_AIM OF THE TASK_. Please, from the entries below, transcribe exactly the lines that begin at the line with "19. po redu" and end at the line with "Unfortunately, the most", without the pictures.

_EXERCISE MATERIALS_.
━━━━

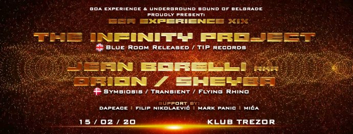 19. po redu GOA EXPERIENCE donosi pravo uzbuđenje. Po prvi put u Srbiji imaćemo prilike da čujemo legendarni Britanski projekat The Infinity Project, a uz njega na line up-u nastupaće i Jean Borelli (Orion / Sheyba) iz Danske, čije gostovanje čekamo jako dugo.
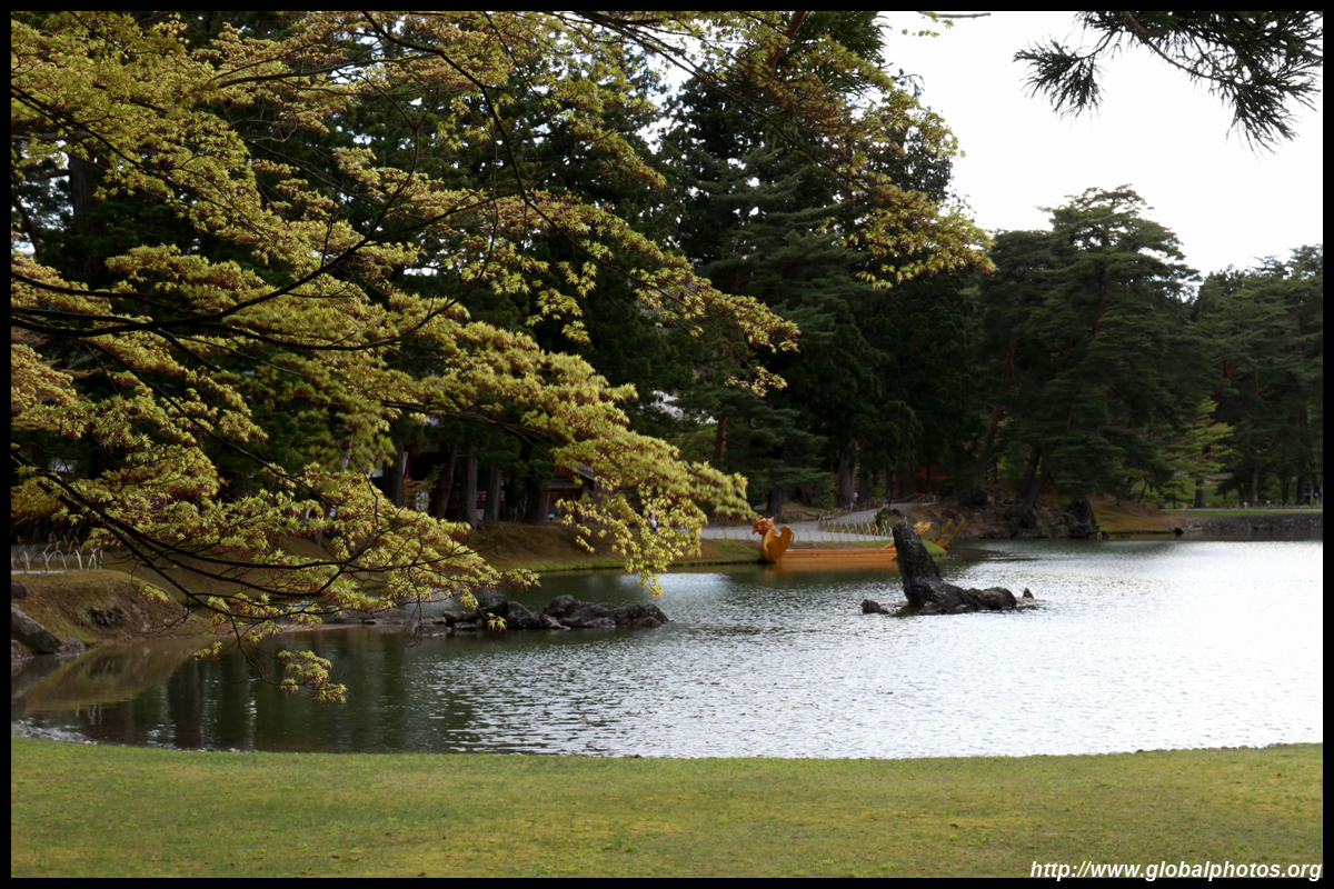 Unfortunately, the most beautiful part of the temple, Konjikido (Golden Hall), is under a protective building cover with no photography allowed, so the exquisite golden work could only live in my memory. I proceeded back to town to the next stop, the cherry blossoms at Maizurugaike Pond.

━━━━

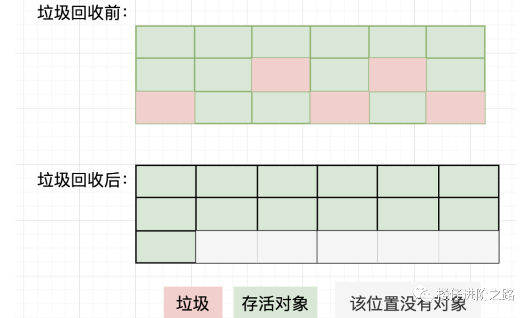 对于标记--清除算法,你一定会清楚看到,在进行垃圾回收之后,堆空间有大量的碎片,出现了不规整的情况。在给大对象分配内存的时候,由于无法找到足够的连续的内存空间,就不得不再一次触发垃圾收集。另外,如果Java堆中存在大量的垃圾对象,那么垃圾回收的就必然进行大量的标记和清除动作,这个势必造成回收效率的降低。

━━━━

_ANSWER_.
 19. po redu GOA EXPERIENCE donosi pravo uzbuđenje. Po prvi put u Srbiji imaćemo prilike da čujemo legendarni Britanski projekat The Infinity Project, a uz njega na line up-u nastupaće i Jean Borelli (Orion / Sheyba) iz Danske, čije gostovanje čekamo jako dugo.
 Unfortunately, the most beautiful part of the temple, Konjikido (Golden Hall), is under a protective building cover with no photography allowed, so the exquisite golden work could only live in my memory. I proceeded back to town to the next stop, the cherry blossoms at Maizurugaike Pond.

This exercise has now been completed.